» **Given information**:
····················

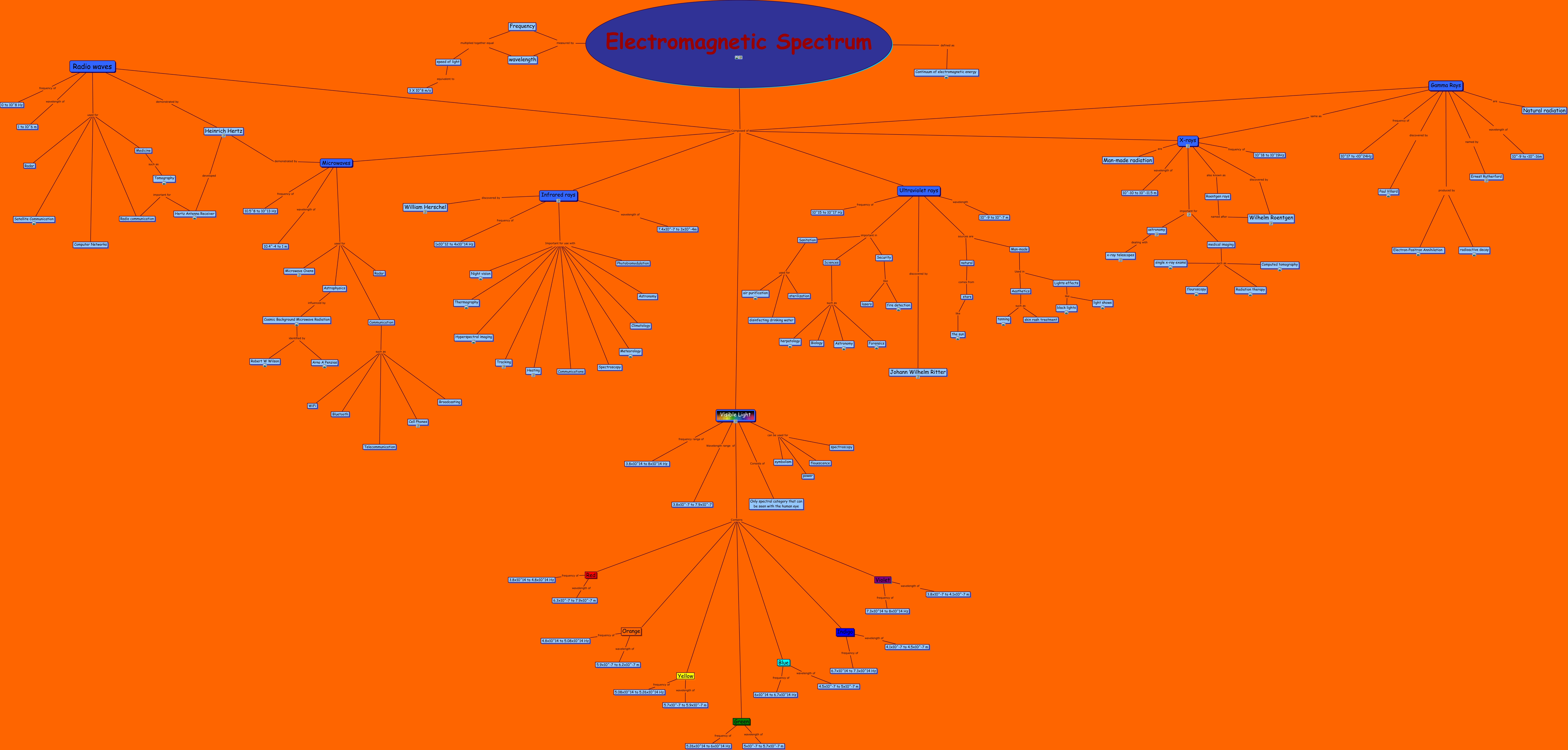 This Concept Map, created with IHMC CmapTools, has information related to: Alex and Nicole, Red wavelength of 6.3x10^-7 to 7.9x10^-7 m, Orange frequency of 4.8x10^14 to 5.08x10^14 Hz, Visible Light Contains Indigo, Ultraviolet rays frequency of 10^15 to 10^17 Hz, Visible Light can be used for flouescence, Ultraviolet rays sources are natural, Gamma Rays are Natural radiation, Visible Light Contains Green, Radio waves used for Computer Networks, Radio waves used for Satellite Communication, Visible Light Contains Yellow, Wilhelm Roentgen discovered by X-rays, Ultraviolet rays Composed of Visible Light, medical imaging such as single x-ray exams, Communication such as Cell Phones, Man-made Used in Lights effects, Infrared rays Important for use with Night vision, Visible Light Contains Violet, Ultraviolet rays important in Sanitation, Microwaves frequency of <math xmlns="http://www.w3.org/1998/Math/MathML"> <mrow> <mtext> 10.5^8 to 10^13 Hz </mtext> </mrow> </math>
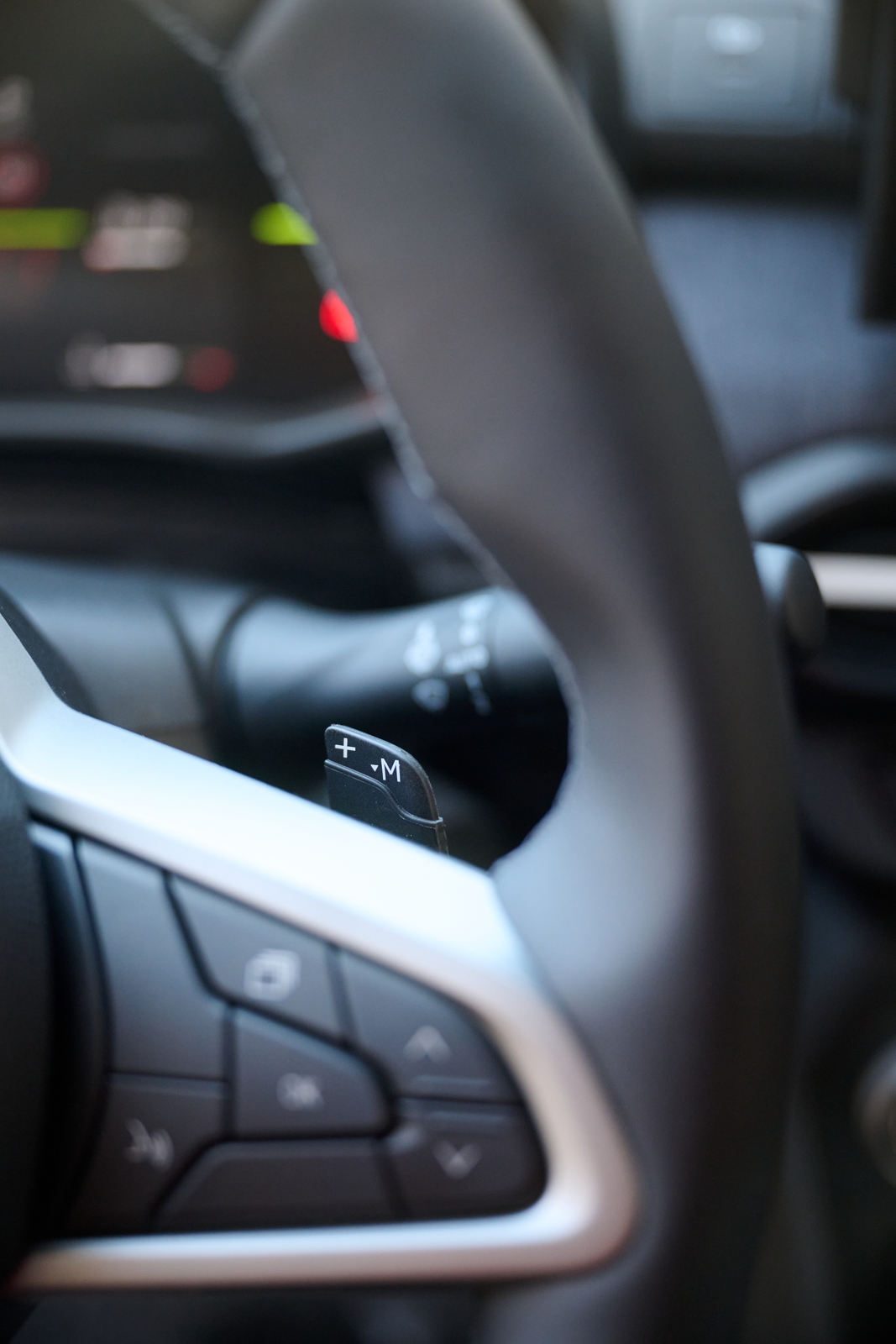 În cazul în care ai un traseu care îți solicită un răspuns mai prompt la comenzi din partea ansamblului motor-cutie, poți selecta modul manual și poți menține treapta dorită. Schimbarea manuală a treptelor se face prin intermediul padelelor amplasate pe volan (poziționarea acestora fam găsit-o ergonomică). Vei putea apela la modul manual și când vrei să pregătești o depășire.
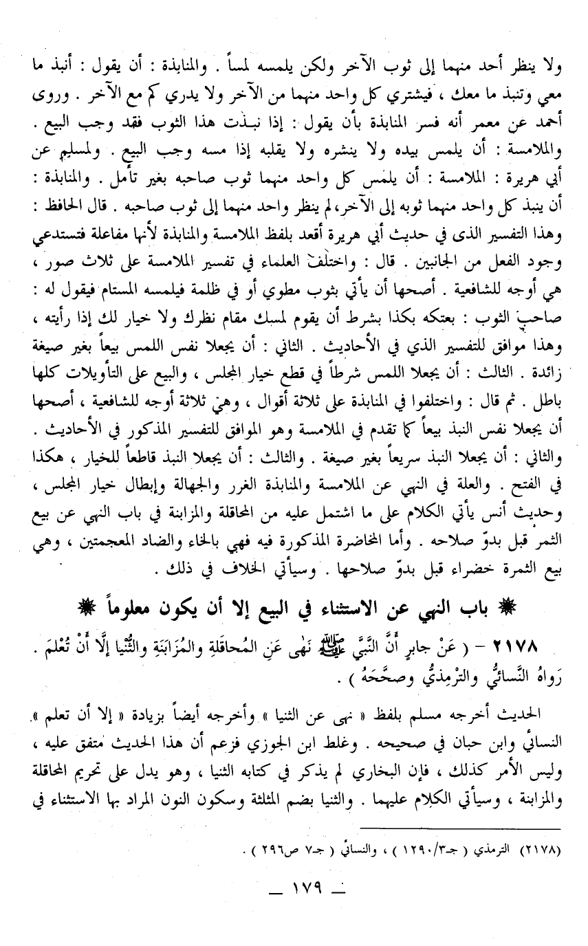 2178 - (عَنْ جَابِرٍ أَنَّ النَّبِيَّ - صَلَّى اللَّهُ عَلَيْهِ وَسَلَّمَ - «نَهَى عَنْ الْمُحَاقَلَةِ وَالْمُزَابَنَةِ وَالثُّنْيَا إلَّا أَنْ تُعْلَمَ» . رَوَاهُ النَّسَائِيّ وَالتِّرْمِذِيُّ وَصَحَّحَهُ) .

····················

» **Exercise**:
The preceding listing is to be restated word for word, with every picture omitted.

» **Finished exercise**:
 This Concept Map, created with IHMC CmapTools, has information related to: Alex and Nicole, Red wavelength of 6.3x10^-7 to 7.9x10^-7 m, Orange frequency of 4.8x10^14 to 5.08x10^14 Hz, Visible Light Contains Indigo, Ultraviolet rays frequency of 10^15 to 10^17 Hz, Visible Light can be used for flouescence, Ultraviolet rays sources are natural, Gamma Rays are Natural radiation, Visible Light Contains Green, Radio waves used for Computer Networks, Radio waves used for Satellite Communication, Visible Light Contains Yellow, Wilhelm Roentgen discovered by X-rays, Ultraviolet rays Composed of Visible Light, medical imaging such as single x-ray exams, Communication such as Cell Phones, Man-made Used in Lights effects, Infrared rays Important for use with Night vision, Visible Light Contains Violet, Ultraviolet rays important in Sanitation, Microwaves frequency of <math xmlns="http://www.w3.org/1998/Math/MathML"> <mrow> <mtext> 10.5^8 to 10^13 Hz </mtext> </mrow> </math>
 În cazul în care ai un traseu care îți solicită un răspuns mai prompt la comenzi din partea ansamblului motor-cutie, poți selecta modul manual și poți menține treapta dorită. Schimbarea manuală a treptelor se face prin intermediul padelelor amplasate pe volan (poziționarea acestora fam găsit-o ergonomică). Vei putea apela la modul manual și când vrei să pregătești o depășire.
 2178 - (عَنْ جَابِرٍ أَنَّ النَّبِيَّ - صَلَّى اللَّهُ عَلَيْهِ وَسَلَّمَ - «نَهَى عَنْ الْمُحَاقَلَةِ وَالْمُزَابَنَةِ وَالثُّنْيَا إلَّا أَنْ تُعْلَمَ» . رَوَاهُ النَّسَائِيّ وَالتِّرْمِذِيُّ وَصَحَّحَهُ) .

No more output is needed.